Неожиданно в комнату для допросов зашел Шишканов. Он принес распечатки мобильных звонков по Васильеву и Дадасаеву. Положив бумаги на стол, шепнул Зобову:

– Можно я посижу?

Зобов кивнул и после паузы пояснил для Ульяновой появление нового человека на допросе:

– Помощник следователя. Шишканов Петр Васильевич. Но вам все равно, вы фамилий, имен, отчеств не запоминаете.

Ульянова промолчала. И несколько минут, пока Зобов изучал распечатку звонков Васильева, она сидела в ожидании, похожем на ожидание приговора.

Неожиданно Зобов спросил:

– Татьяна Михайловна, откуда вы ехали с Васильевым в день убийства?

– С его дачи.

– Он жил там постоянно?

– Да.

– И когда вы туда приехали?

– За два дня до того.

– И были все время там, никуда не отъезжали?

– Нет. Не отъезжала.

– А зачем вы ему звонили, если он был рядом с вами?

– Когда?

– Это я спрашиваю, когда и почему вы ему звонили?

– Я не звонила. Не помню, чтобы мы разговаривали по телефону.

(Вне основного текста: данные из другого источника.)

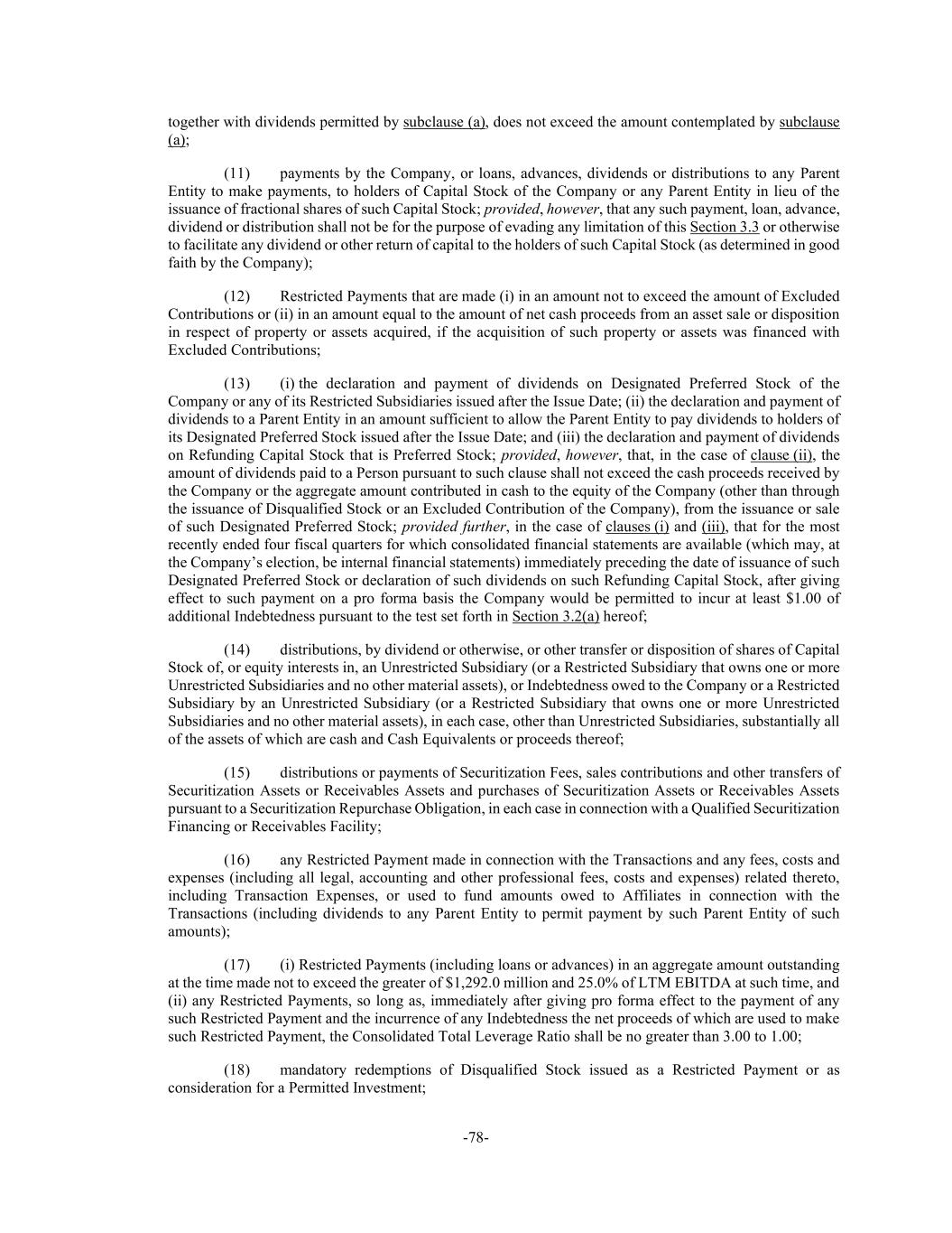 -78- together with dividends permitted by subclause (a), does not exceed the amount contemplated by subclause (a); (11) payments by the Company, or loans, advances, dividends or distributions to any Parent Entity to make payments, to holders of Capital Stock of the Company or any Parent Entity in lieu of the issuance of fractional shares of such Capital Stock; provided, however, that any such payment, loan, advance, dividend or distribution shall not be for the purpose of evading any limitation of this Section 3.3 or otherwise to facilitate any dividend or other return of capital to the holders of such Capital Stock (as determined in good faith by the Company); (12) Restricted Payments that are made (i) in an amount not to exceed the amount of Excluded Contributions or (ii) in an amount equal to the amount of net cash proceeds from an asset sale or disposition in respect of property or assets acquired, if the acquisition of such property or assets was financed with Excluded Contributions; (13) (i) the declaration and payment of dividends on Designated Preferred Stock of the Company or any of its Restricted Subsidiaries issued after the Issue Date; (ii) the declaration and payment of dividends to a Parent Entity in an amount sufficient to allow the Parent Entity to pay dividends to holders of its Designated Preferred Stock issued after the Issue Date; and (iii) the declaration and payment of dividends on Refunding Capital Stock that is Preferred Stock; provided, however, that, in the case of clause (ii), the amount of dividends paid to a Person pursuant to such clause shall not exceed the cash proceeds received by the Company or the aggregate amount contributed in cash to the equity of the Company (other than through the issuance of Disqualified Stock or an Excluded Contribution of the Company), from the issuance or sale of such Designated Preferred Stock; provided further, in the case of clauses (i) and (iii), that for the most recently ended four fiscal quarters for which consolidated financial statements are available (which may, at the Company’s election, be internal financial statements) immediately preceding the date of issuance of such Designated Preferred Stock or declaration of such dividends on such Refunding Capital Stock, after giving effect to such payment on a pro forma basis the Company would be permitted to incur at least $1.00 of additional Indebtedness pursuant to the test set forth in Section 3.2(a) hereof; (14) distributions, by dividend or otherwise, or other transfer or disposition of shares of Capital Stock of, or equity interests in, an Unrestricted Subsidiary (or a Restricted Subsidiary that owns one or more Unrestricted Subsidiaries and no other material assets), or Indebtedness owed to the Company or a Restricted Subsidiary by an Unrestricted Subsidiary (or a Restricted Subsidiary that owns one or more Unrestricted Subsidiaries and no other material assets), in each case, other than Unrestricted Subsidiaries, substantially all of the assets of which are cash and Cash Equivalents or proceeds thereof; (15) distributions or payments of Securitization Fees, sales contributions and other transfers of Securitization Assets or Receivables Assets and purchases of Securitization Assets or Receivables Assets pursuant to a Securitization Repurchase Obligation, in each case in connection with a Qualified Securitization Financing or Receivables Facility; (16) any Restricted Payment made in connection with the Transactions and any fees, costs and expenses (including all legal, accounting and other professional fees, costs and expenses) related thereto, including Transaction Expenses, or used to fund amounts owed to Affiliates in connection with the Transactions (including dividends to any Parent Entity to permit payment by such Parent Entity of such amounts); (17) (i) Restricted Payments (including loans or advances) in an aggregate amount outstanding at the time made not to exceed the greater of $1,292.0 million and 25.0% of LTM EBITDA at such time, and (ii) any Restricted Payments, so long as, immediately after giving pro forma effect to the payment of any such Restricted Payment and the incurrence of any Indebtedness the net proceeds of which are used to make such Restricted Payment, the Consolidated Total Leverage Ratio shall be no greater than 3.00 to 1.00; (18) mandatory redemptions of Disqualified Stock issued as a Restricted Payment or as consideration for a Permitted Investment;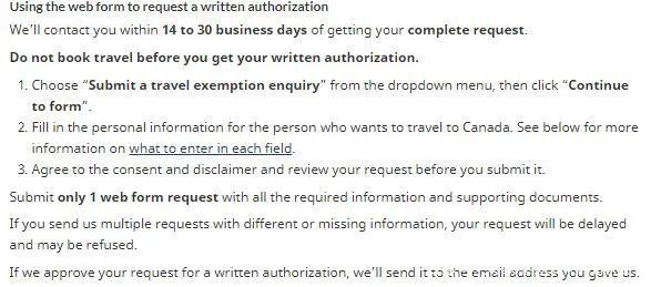 該書面授權(quán)(written authorization)是一次性使用授權(quán),確認(rèn)您不受旅行限制。它只在旅行期間有效。在得到書面授權(quán)之前,你不應(yīng)該預(yù)訂去加拿大的航班。

– Но вот распечатка телефонных звонков Васильева – за день до убийства вы звонили. Как вы можете это объяснить?

– Никак.

Ульянова пожала плечами и задумалась. Она помнила последние три дня, все до последнего слова, до нежного, пряного и сладковатого запаха его подмышек, с которым предстояло расстаться. Помнила его вес на себе – с самого начала хотела все запомнить и все сразу забыть. Она запомнила его необычно равнодушное, довольное выражение лица, которое он хотел скрыть, но у него не получалось, помнила программы по телевизору, которые они смотрели и не смотрели. Помнила, что сказала: "Чувствую себя, как в аэропорту перед отправлением". Он спросил: "Рейс как будто задерживается?" А она ответила: "Нет, все идет по расписанию". Разговоров по телефону не было.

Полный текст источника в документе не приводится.